Strike to last till 6 pm; government firm on no rollback of fuel price hike.

Opposition parties prepared for an all-India strike tomorrow on the issue of high fuel and food prices, with the working head of the Bharatiya Janata Party-led National Democratic Alliance, L K Advani, claiming after a meeting of its leaders that “this may be the first time in the history of India’s politics that almost all political parties will participate in the Bharat Bandh”.

Governments run by the ruling party prepared to ensure the bandh did not prevent anyone who wanted to work from reaching their offices. In Maharashtra, the Congress-led state government promised to make arrangements for overnight stay of workers in their offices on Sunday night, including offering to arrange food and bedding.

The Union government also refused to countenance any reversal of the recent increase in fuel prices. “No question of roll back,” Finance Minister Pranab Mukherjee told reporters on the sidelines of an Assocham function in Kolkata, when asked if the government could review its June 25 decision.

However, the Opposition met with only partial success in persuading parties not in the United Progressive Alliance (UPA) and known to be against the fuel price rises, to join the Bharat bandh.
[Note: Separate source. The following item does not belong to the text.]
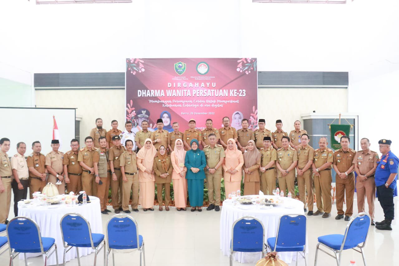 BARRU | Dharma Wanita Persatuan merayakan Hari Ulang Tahun (HUT) ke-23, Senin 26,12-2022, di Aula Bappelitbangda Lantai 2 Kabupaten Barru.

While the Trinamool Congress decided to take part in the 6 am to 6 pm bandh, the Rashtriya Janata Dal and the Lok Janashakti Party were ambivalent. The Samajwadi Party has reportedly decided to join the bandh, while being part of the UPA. The Bahujan Samaj Party has said it would call its own bandh separately.

The Left parties, too, called for a strike tomorrow, making it the biggest combined public strike in recent times.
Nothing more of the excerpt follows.